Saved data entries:
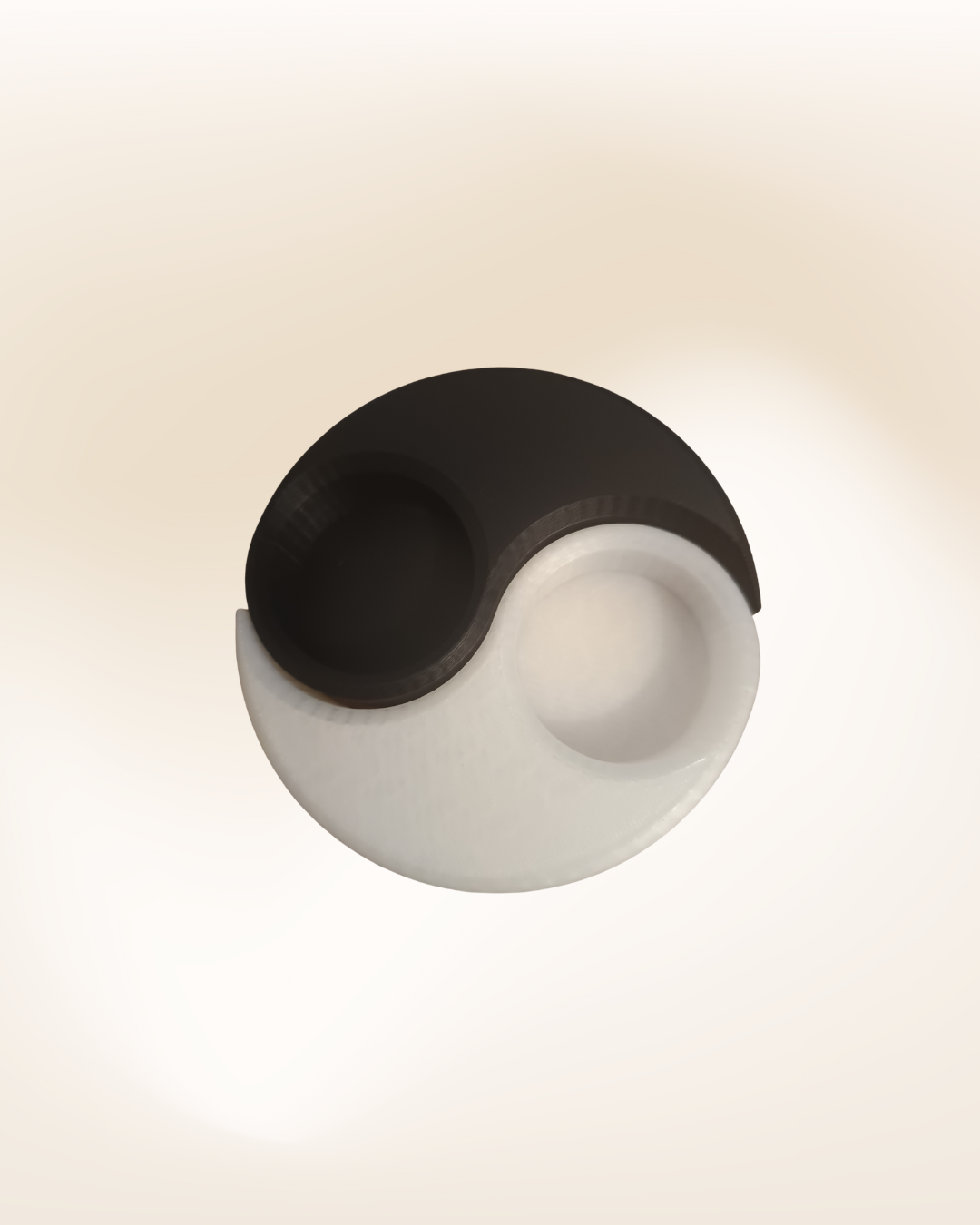 Ce support à chauffe-plat inspiré du symbole Yin & Yang incarne l’équilibre entre lumière et ombre, douceur et contraste.
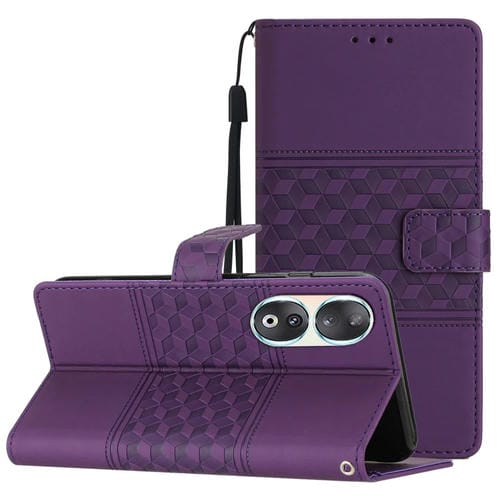 Funda de Cuero para Honor 90 con Sensación de Piel y Relieve de Diamantes (Púrpura)
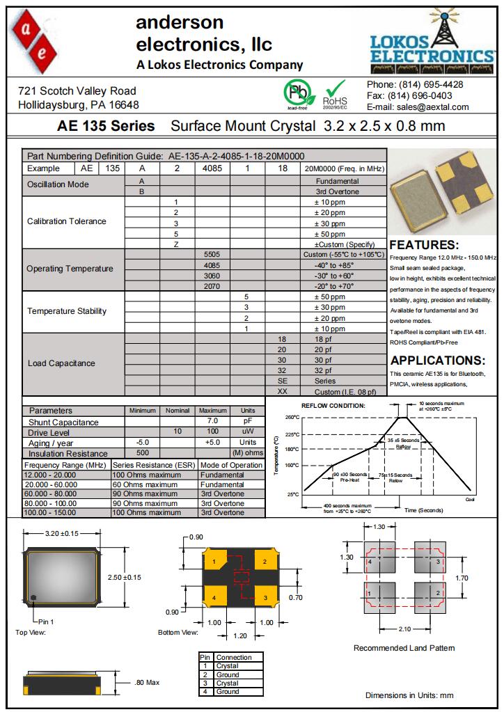 美國(guó)安德森晶振|AE-135-A-1-4085-2-20-18M4320|3225mm晶振規(guī)格表
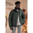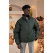Oversize Bol Kesim Dik Yaka Fermuar Kapamalı Şişme Mont Yeşil
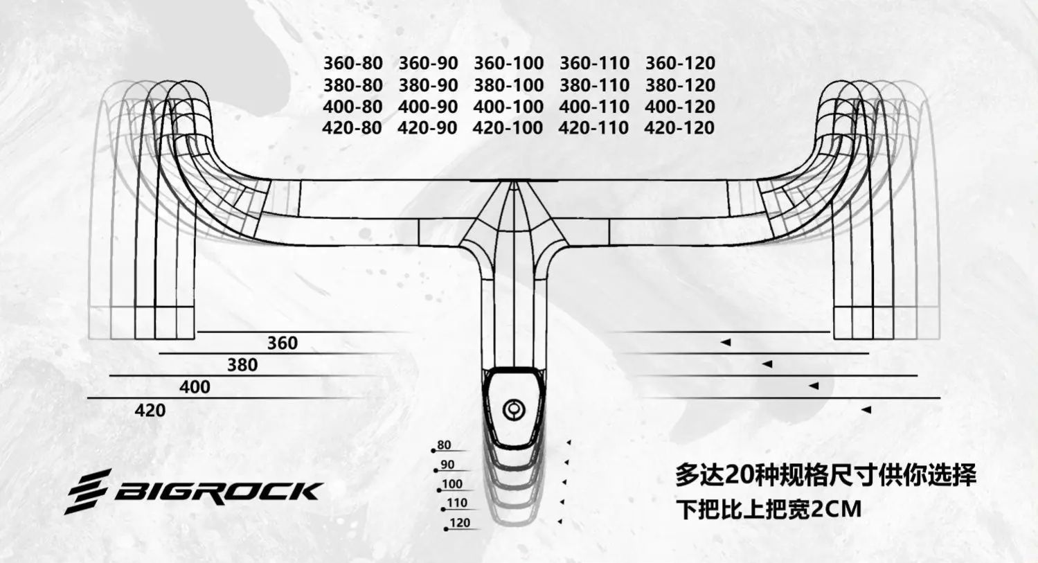 BIGROCK carbon fiber road handlebar gravel handlebar full internal routing handlebar 360/380/400/420 for OD1 28.6mm&OD2 31.8mm
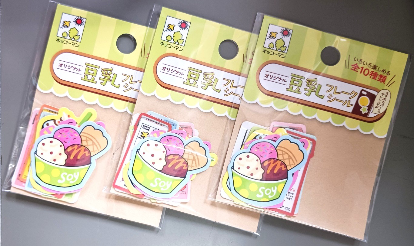 昨年、寝床から起き上がれなくなった、母に食事をさせようと、豆乳を求める事にしました。その時に売り場で見つけた品物。豆乳を数個求めると、特典として付いてくるようなお話でしたので、持ち帰りしたシールです。自社製品のパッケージを、そのままシールにするという、ほとんど経費のかかっていないオマケです。シールの大きさは、豆乳のパッケージの縦長が4cmです。こういうのは、どこに貼るというわけにもいかないので、とにかく貼れる場所に貼ればよいと考える、子供向けのシールですね。ただ、「キッコーマンの豆乳が人生のすべて」という方も中にはいるかも知れないので、そういう方にとっては、必須のモノかも知れないですね。
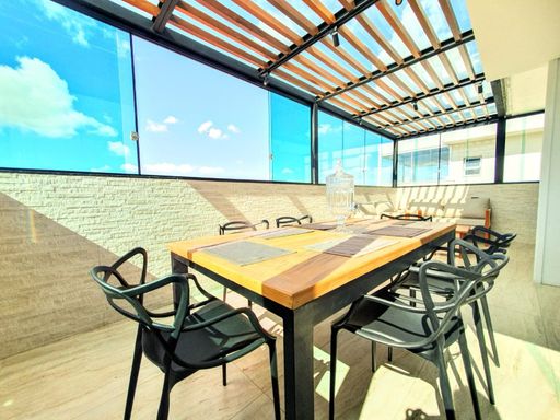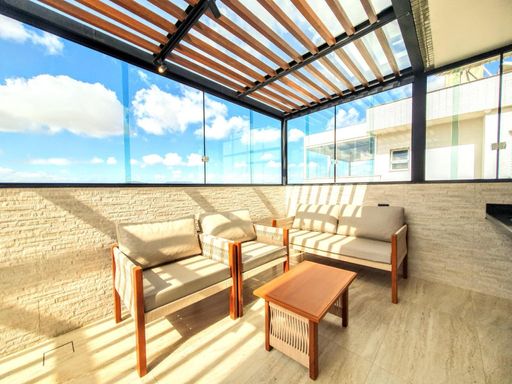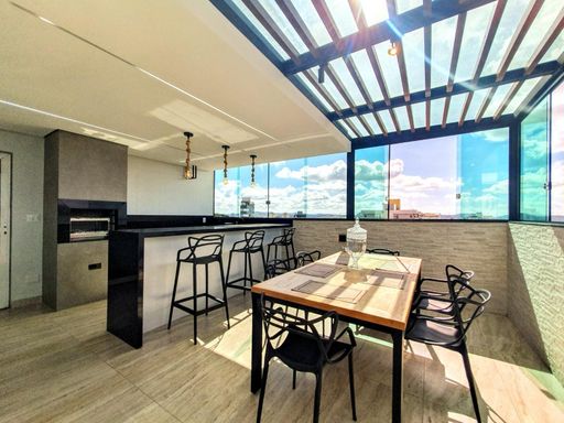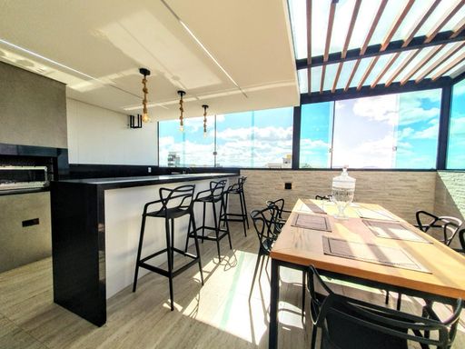 No segundo pavimento, a cobertura à venda no Planalto se destaca pelo excelente espaço de convivência. O andar superior dispõe de uma sala adicional, um quarto, banheiro social e uma área externa ampla, totalmente fechada com cortinas de vidro, oferecendo uma vista definitiva e um ambiente ideal para momentos de lazer. A área gourmet com churrasqueira e bancada é perfeita para receber amigos e familiares, além de contar com espaço de lavanderia independente, trazendo mais comodidade ao dia a dia.
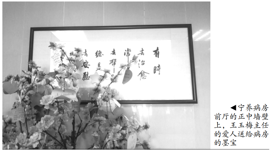 学习归来,王玉梅在盛京医院宁养院、疼痛科、肿瘤科轮转学习,为筹建宁养病房做准备。2008年6月,王玉梅任病房主任,宁养病房正式成立!

**BRIEF:**
What's needed is an exact copy of the lines above from the one with "美國(guó)安德森晶振|A" through the one with "昨年、寝床から起き上がれなく", both included; the pictures stay out.

**TASK ANSWER:**
 美國(guó)安德森晶振|AE-135-A-1-4085-2-20-18M4320|3225mm晶振規(guī)格表
Oversize Bol Kesim Dik Yaka Fermuar Kapamalı Şişme Mont Yeşil
 BIGROCK carbon fiber road handlebar gravel handlebar full internal routing handlebar 360/380/400/420 for OD1 28.6mm&OD2 31.8mm
 昨年、寝床から起き上がれなくなった、母に食事をさせようと、豆乳を求める事にしました。その時に売り場で見つけた品物。豆乳を数個求めると、特典として付いてくるようなお話でしたので、持ち帰りしたシールです。自社製品のパッケージを、そのままシールにするという、ほとんど経費のかかっていないオマケです。シールの大きさは、豆乳のパッケージの縦長が4cmです。こういうのは、どこに貼るというわけにもいかないので、とにかく貼れる場所に貼ればよいと考える、子供向けのシールですね。ただ、「キッコーマンの豆乳が人生のすべて」という方も中にはいるかも知れないので、そういう方にとっては、必須のモノかも知れないですね。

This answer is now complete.